» EXCERPTED RECORDS
------------------------------------------------------------------------

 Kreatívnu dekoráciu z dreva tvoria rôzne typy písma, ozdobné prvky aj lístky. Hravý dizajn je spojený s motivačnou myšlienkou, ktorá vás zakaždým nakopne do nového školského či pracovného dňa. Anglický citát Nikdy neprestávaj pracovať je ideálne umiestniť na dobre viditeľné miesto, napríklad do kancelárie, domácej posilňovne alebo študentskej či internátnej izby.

------------------------------------------------------------------------

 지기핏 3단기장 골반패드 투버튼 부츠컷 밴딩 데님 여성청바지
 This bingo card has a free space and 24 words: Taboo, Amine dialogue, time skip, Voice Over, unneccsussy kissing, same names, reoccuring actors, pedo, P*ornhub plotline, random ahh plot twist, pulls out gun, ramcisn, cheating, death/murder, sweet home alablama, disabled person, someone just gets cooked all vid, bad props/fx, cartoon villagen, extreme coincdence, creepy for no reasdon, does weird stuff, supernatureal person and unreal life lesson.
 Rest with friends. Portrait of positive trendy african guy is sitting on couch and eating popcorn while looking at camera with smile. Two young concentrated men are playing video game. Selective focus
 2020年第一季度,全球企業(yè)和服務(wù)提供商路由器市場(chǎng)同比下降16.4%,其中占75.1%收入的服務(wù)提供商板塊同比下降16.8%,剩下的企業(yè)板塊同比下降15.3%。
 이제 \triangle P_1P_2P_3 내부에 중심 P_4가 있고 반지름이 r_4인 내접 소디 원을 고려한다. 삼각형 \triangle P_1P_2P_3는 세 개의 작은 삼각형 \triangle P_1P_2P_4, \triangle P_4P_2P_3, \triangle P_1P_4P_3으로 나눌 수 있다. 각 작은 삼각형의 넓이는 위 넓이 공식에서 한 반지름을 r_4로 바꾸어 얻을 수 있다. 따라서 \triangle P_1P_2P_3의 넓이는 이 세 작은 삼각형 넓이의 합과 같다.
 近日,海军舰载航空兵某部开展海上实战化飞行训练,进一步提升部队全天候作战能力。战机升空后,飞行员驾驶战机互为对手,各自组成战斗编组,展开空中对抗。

------------------------------------------------------------------------

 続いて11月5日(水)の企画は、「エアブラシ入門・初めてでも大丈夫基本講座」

------------------------------------------------------------------------

» WHAT YOU ARE ASKED TO DO
Copy the lines above exactly. Start with the line containing "지기핏 3단기장 골반패드 투버튼 부츠컷 밴딩 데님 여성청바지", end with the line containing "近日,海军舰载航空兵某部开展", and include both.

» RESPONSE TO THIS TASK
 지기핏 3단기장 골반패드 투버튼 부츠컷 밴딩 데님 여성청바지
 This bingo card has a free space and 24 words: Taboo, Amine dialogue, time skip, Voice Over, unneccsussy kissing, same names, reoccuring actors, pedo, P*ornhub plotline, random ahh plot twist, pulls out gun, ramcisn, cheating, death/murder, sweet home alablama, disabled person, someone just gets cooked all vid, bad props/fx, cartoon villagen, extreme coincdence, creepy for no reasdon, does weird stuff, supernatureal person and unreal life lesson.
 Rest with friends. Portrait of positive trendy african guy is sitting on couch and eating popcorn while looking at camera with smile. Two young concentrated men are playing video game. Selective focus
 2020年第一季度,全球企業(yè)和服務(wù)提供商路由器市場(chǎng)同比下降16.4%,其中占75.1%收入的服務(wù)提供商板塊同比下降16.8%,剩下的企業(yè)板塊同比下降15.3%。
 이제 \triangle P_1P_2P_3 내부에 중심 P_4가 있고 반지름이 r_4인 내접 소디 원을 고려한다. 삼각형 \triangle P_1P_2P_3는 세 개의 작은 삼각형 \triangle P_1P_2P_4, \triangle P_4P_2P_3, \triangle P_1P_4P_3으로 나눌 수 있다. 각 작은 삼각형의 넓이는 위 넓이 공식에서 한 반지름을 r_4로 바꾸어 얻을 수 있다. 따라서 \triangle P_1P_2P_3의 넓이는 이 세 작은 삼각형 넓이의 합과 같다.
 近日,海军舰载航空兵某部开展海上实战化飞行训练,进一步提升部队全天候作战能力。战机升空后,飞行员驾驶战机互为对手,各自组成战斗编组,展开空中对抗。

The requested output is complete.